Hi Ben,

   I would start asking the carriers what their throughput is. In all
cases I have faced the bottleneck is at the carrier side, even using
only one bearerbox and one smsbox.

   If you hit their max throughput the operators may ask you to
establish additional SMPP connections to their SMSC to "load balance"
the traffic.

   Regards,

Rodrigo Cremaschi.

On 10/18/06, Ben Suffolk <[EMAIL PROTECTED]> wrote:
Hello,

I am currently planning a new service, and the relevant hardware for
it. I am after some figures on SMS throughput, both inbound and
outbound.

My connections will be with SMSCs not modems, and will most likely be
smpp3.4, but could in some cases be other SMSC protocols.

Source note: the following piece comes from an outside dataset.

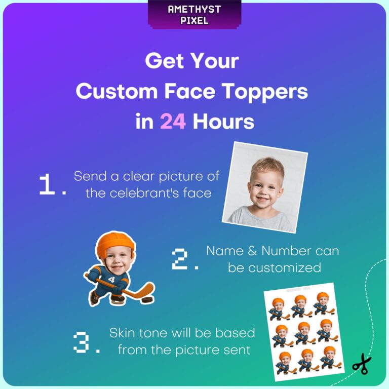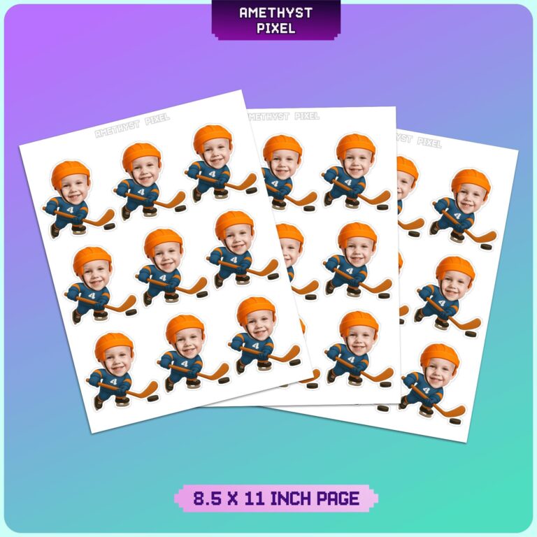 Transform your dessert table into a championship celebration with these personalized ice hockey cupcake toppers. Designed specifically for young sports enthusiasts, each topper features your child’s smiling face imposed onto an action-packed cartoon hockey player detailed with a blue jersey, orange helmet, and hockey stick ready for the face-off. Whether you are hosting a winter sports birthday bash or celebrating a team victory after a big game, these custom decorations serve as the perfect centerpiece for cupcakes and muffins. The high-quality digital design ensures that the unique facial features of your little MVP blend naturally with the illustration, creating a fun and memorable focal point. These DIY printable toppers are ideal for parents looking to add a professional, spirited touch to home-baked treats without the need for expensive custom bakeries.

No messages will be answered locally by kannel, all will be pushed
out via http to another server (on the same private LAN, so no
network latency issues). All outbound messages will be sent via the
http interface, no messages will be replied to via the original
outbound http service request.

I need to know if anybody has any figures for sustained throughput,
and peak throughput for SMS.

I'd also be interested if anybody knows the best configuration for
maximum throughput, is it better to a a high performance server with
several smsboxes and the bearebox, or to have a lower performance
server (i.e cheaper) and split the smsboxes from the bearbox, and is
it better to have multiple servers each with a single instance of an
smsbox (this would obviously be a resilience benefit, but is it a
performance one?)

At high throughput what resources are used by the bearerbox, and the
smsbox. i.e memory intensive?, processor intensive?